かぐや姫殺人事件

沙波

プロローグ

 大学の冬休みは短い。

 年末年始の期間が冬休みにあてがわれているだけだと言っても過言ではないだろう。

 生徒たちは休みの期間に帰省したり、旅行に行ったり。しかし、休み明けに待っている期末テストやレポートの提出のことを考えると、夏と春休みに比べると、開放感はそこまでないだろうと思う。

 S大学で民俗学を学んでいる雪上理来はその冬休みの期間である今、何をしているかというと、ゼミでお世話になっている小笠原教授の研究室の片づけと掃除を手伝っている真っ最中だった。

「いやー、悪いね」

 小笠原教授は屈めていた上半身を伸ばし、周囲を見渡して頭を掻いた。

 窓の外では北風が吹き、凍える寒さだというのに研究室で片づけをする、雪上と小笠原教授、そして、作務衣姿のこの男――雪上と同じゼミに所属する九曜三之助の三人は長袖をまくり、汗をかいている。

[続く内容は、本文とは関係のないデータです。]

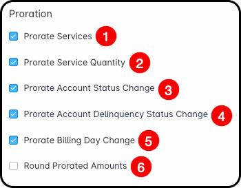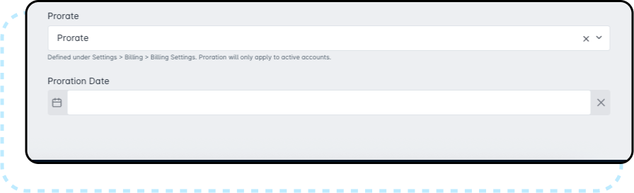 - The Prorate Billing Day Change checkbox allows you to prorate any amount due as a result of a change in billing day, made through either customer request or for company requirements — such as migrating all customers to a first of the month billing cycle.
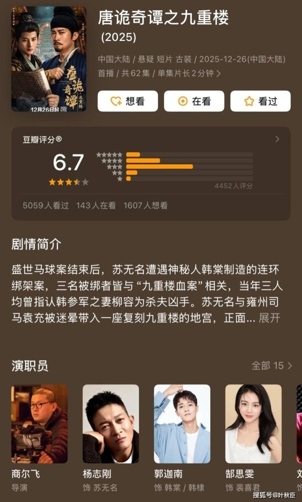 由于是《唐朝诡事录》系列IP的剧迷,所以我抽时间看完了62集的《唐诡奇谭之九重楼》。
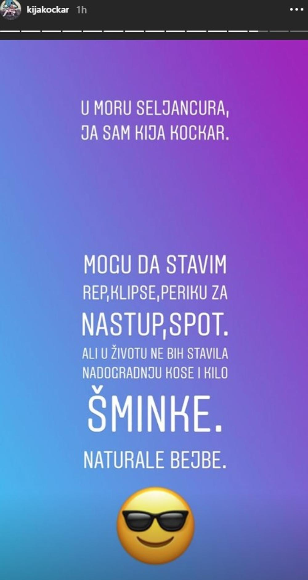 "U moru seljančura, ja sam Kija Kockar. Mogu da stavim rep, klipse, periku za nastup, spot. Ali u životu ne bih stavila nadogradnju kose i kilo šminke. Naturale bejbe", napisala je pobednica prve sezone rijalitija "Zadruga".

 九曜は年齢で言えば、雪上よりも二十歳ほど年上であるが、同じ三回生である。

 彼は数年前に流行した世界的なウイルスのの影響で、職を失い、それならばと発想を切り替え、大学に入学しなおした強者だ。社会情勢は以前の状況に戻りつつあるが、九曜は依然として学生をやめる気はないらしい。

 と、言っても次の春で四回生になる。いつまでも学生でいられる訳ではないので、そろそろ次を考えなければならない。早い人は就活をもう、ほぼ終えている。

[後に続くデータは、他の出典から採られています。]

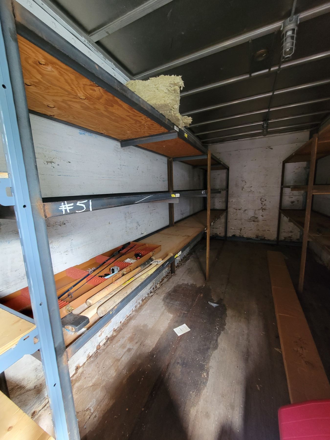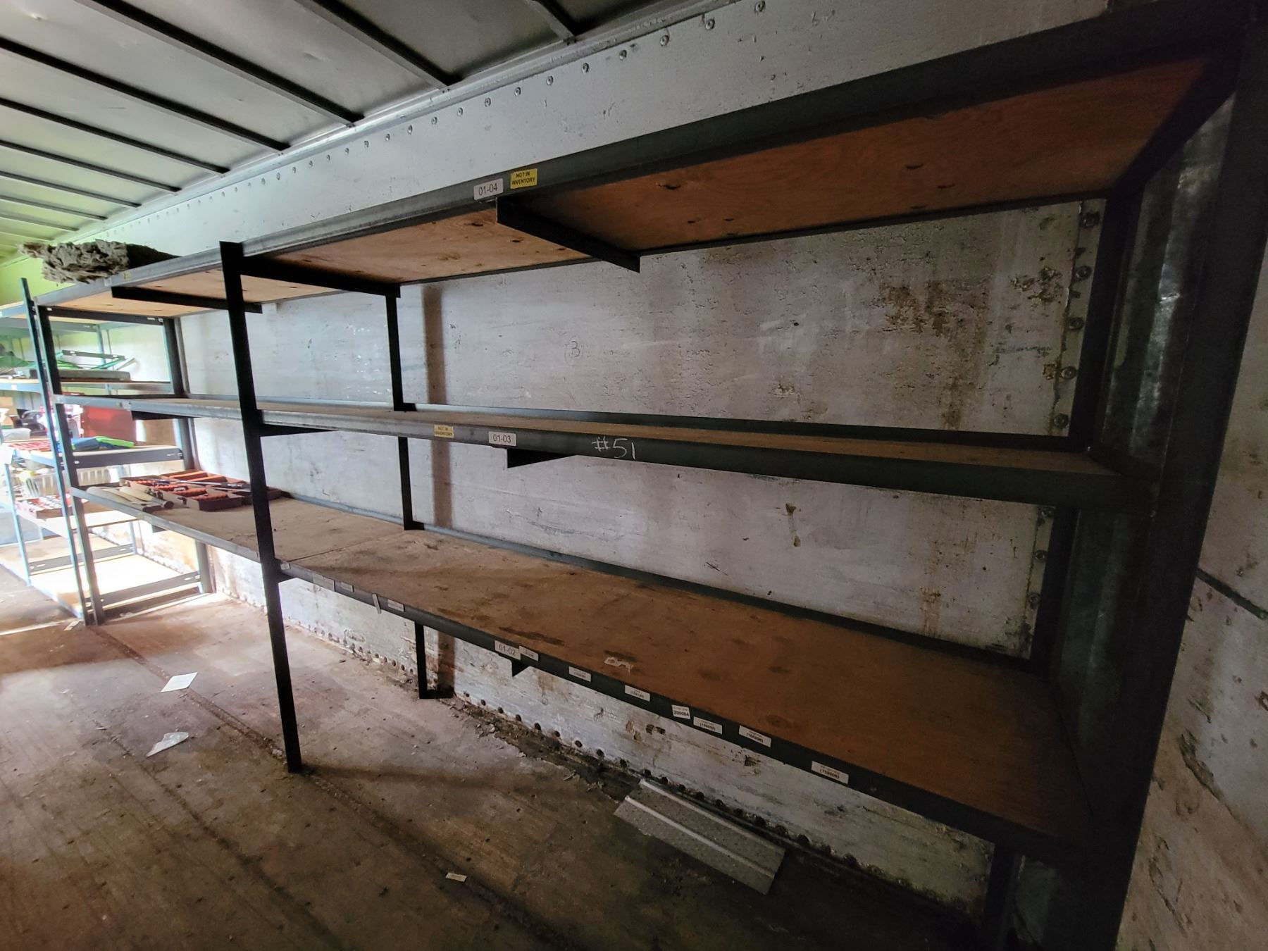 (so much each x2) 2- 194" x 7 ft, 4-row metal shelf c/w plywood (In Van-West Yard)

 雪上もそろそろ本腰を入れなければならないのはわかっているのだが、九曜とともに、大学に入学した一回生のころから各地に伝わる民話や伝承をフィールドワークで集め、研究していくという活動をひょんなことからはじめ、それが割と雪上自身に合っていたらしく、今となっては楽しんでる自分もいたので、就職活動を進める中で自分が今後どうしたいのか。深い森の闇に迷い込んだ気分になってしまい、大学をあと一年と少しで卒業する感覚がよくわからなかった。

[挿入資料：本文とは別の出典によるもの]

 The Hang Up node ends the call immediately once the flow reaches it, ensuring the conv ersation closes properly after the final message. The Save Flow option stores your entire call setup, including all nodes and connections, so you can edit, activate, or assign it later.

「教授。つかぬことを伺いますが、研究室はいつから掃除していなかったのですか?」

 手を止めずに、マスクに作務衣の腕を捲った九曜はふっと小笠原教授の方を振り返る。

 こめかみに汗が流れた。

 それほど暑いのにマスクを手放せないのは、つもり積もった埃が異常な量だから。

「うーん、いつだったかな」

 小笠原教授は苦笑いを浮かべ、誤魔化していた。

 この様子だと、今まで一度も、したことがなかったのではないかと思う。雪上はマスクの奥で大きなため息を吐いた。

「あっ……これは随分と古そうですね」

 九曜の言葉に、雪上はチラリとそちらに視線を向ける。

 彼が手に持っていたのは、本というよりもノートくらいの大きさの資料だった。大さはA5サイズぐらいの二、三センチぐらいの厚みの、装丁も何もない冊子だった。

「見てもいいですか?」

 教授の返事を待たずに、九曜は珍しくキラキラとした表情で、ページをめくる。

 背後から教授が、そのさらに後ろから雪上が覗き込んだ。

「わあ……」

 冊子に印字されている文字は旧字体で、雪上にとってかなり読みにくい活字が羅列している。表紙の文字は横書きに書かれているのだが、右から左に言葉が進む。雪上が読めたのは、『文化』と『報告書』の文字だけだった。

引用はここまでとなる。